Старый Мертвый Свет - Дмитрий Медведев
Шрифт:
Интервал:
Закладка:
Все это никак не желало укладываться в голове. Вроде и более или менее знаешь, что нужно предпринимать — Dead Rising и Land of the Dead кое-чему научили — но все ждешь новых неожиданностей. Не может все быть как в фильмах или играх, ведь на то они фильмы и игры, альтернатива скучной и предсказуемой реальности. Так что надо продолжать внимательное наблюдение и изучение врага. Слабые места есть у всех, у этих тоже найдутся.
Томаш отошел от двери и снова подпер ее шкафом. Жаль, что дверь открывалась внутрь квартиры. И жаль, что она была такая тонкая и хлипкая. Здоровый мужик с такой быстро управится, высадит ногой или плечом с первого раза.
Хруст наверху подтвердил мрачные догадки — дверь у соседей точно такая же. Зомби ворвался внутрь, и не прошло и секунды, как напряженный воздух разорвал истошный женский крик и грохот падающей мебели и посуды. Сердце Томаша пустилось в галоп, когда от падения на пол двух сцепившихся друг с другом тел дрогнул потолок над его головой.
— Радек, что ты делаешь, прекрати! Отпусти-и-и!!!
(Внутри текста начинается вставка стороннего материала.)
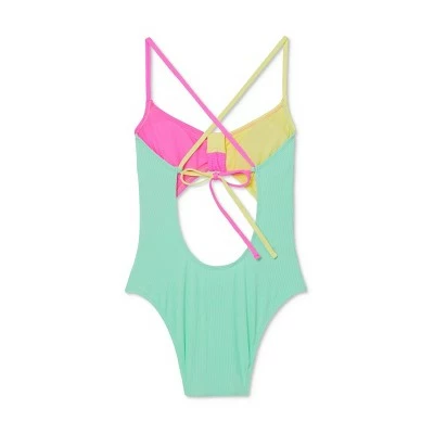 Add this Ribbed Colorblock Tie-Front One-Piece Swimsuit from Xhilaration™ to your swimwear collection for those days when you want to stand out from the crowd. The cheeky high-leg swimsuit is styled with an open front and back for a daring look, and the stretchy lightweight fabric and removable-cup construction add comfort. Plus, the colorblock fabric adds fun visual interest and the ribbed fabric adds a pop of texture. This tie-front one-piece swimsuit will turn your beach style up a notch, and can easily be paired with a swim cover-up or skirt for poolside lounging.
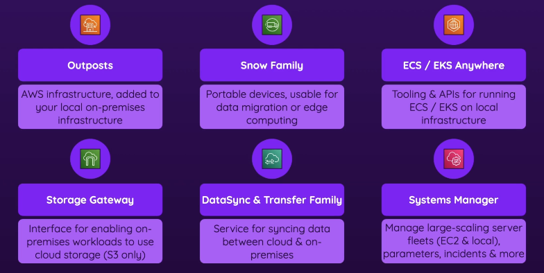 - outposts, snow family, ecs/eks anywhere, storage gateway, DataSync & transfer family, systems manager
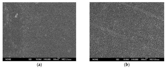 The JSM-6700F scanning electron microscope (SEM) was used to observe the surface and section morphology of the sample. The surface of the film after gold spraying was enlarged by 40,000 times, as shown in Figure 5, and the section was enlarged by 20,000 times, as shown in Figure 6.
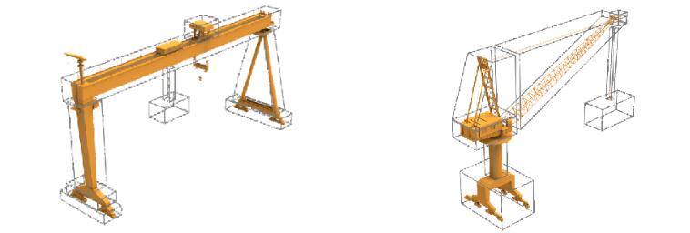 將關聯的吊機設備按實體結構實際尺寸,分解成N個6面體數據模型,數據模型的基礎尺寸按吊機的實際幾何尺寸1:1比例設立,其真實地反映了吊機設備實體的裝配位置關系、外形尺寸。
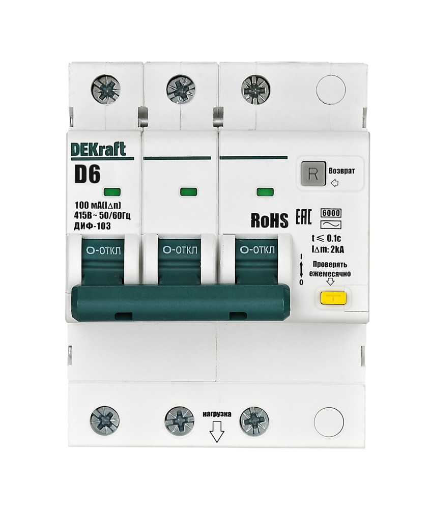 Автоматические выключатели дифференциального тока серии ДИФ-103 6кА NEW DEKraft; 3P; номинальный ток 6 А; ном. диф. ток 100 мА; тип диф. расцепителя - AC; кривая отключения - D; Icn, Ics = 6 кА; тип устройства - электронный; монтаж – на DIN-рейку. АВДТ обеспечивают три вида защиты — от короткого замыкания, перегрузки и возникновения утечки тока (в частности, вследствие прикосновения человека к токоведущим частям).

Ого! Так это сосед. Значит, это он ломился к себе домой. Неужто ублюдки помнят, где живут? Иначе какого художника в недавнем прошлом добропорядочный пан Михалковский, известный как примерный семьянин, отец двух успешно эмигрировавших в Лондон детей, вдруг решил направиться именно в свою квартиру? Его женушка ведь сидела тихо, как мышка. Почему не полез в любое другое жилище? Почему, наконец, не пошел на улицу, где добыча вертится под носом?
Томаш с ненавистью к собственной трусости слушал, как Радослав расправлялся с женой. Он тешил себя мыслью, что все равно бы не успел — уже через несколько секунд Божена умолкла, а пару мгновений спустя стих и весь шум вообще.
На сей раз тишину прервал не кровожадный сосед — звук донесся из подъезда. Там кто-то нетвердо зашаркал по лестнице. Томаш догадался, что это первая жертва Михалковского очнулась после укуса. Забавно, эти зомби, похоже, нарочно не убивали своих жертв, обращая их в себе подобных. Или, может, Томаш еще просто не видел таких случаев. Кто-то писал, что иногда дело кончается смертью, но обычно зомби успокаивается, как только жертва перестает двигаться и, следовательно, сопротивляться. Во всем, что совершает какие-то действия, зараженные видели угрозу. Так что, выходит, достаточно встать неподвижно, и эти морды пройдут мимо? Ага, обязательно нужно попробовать.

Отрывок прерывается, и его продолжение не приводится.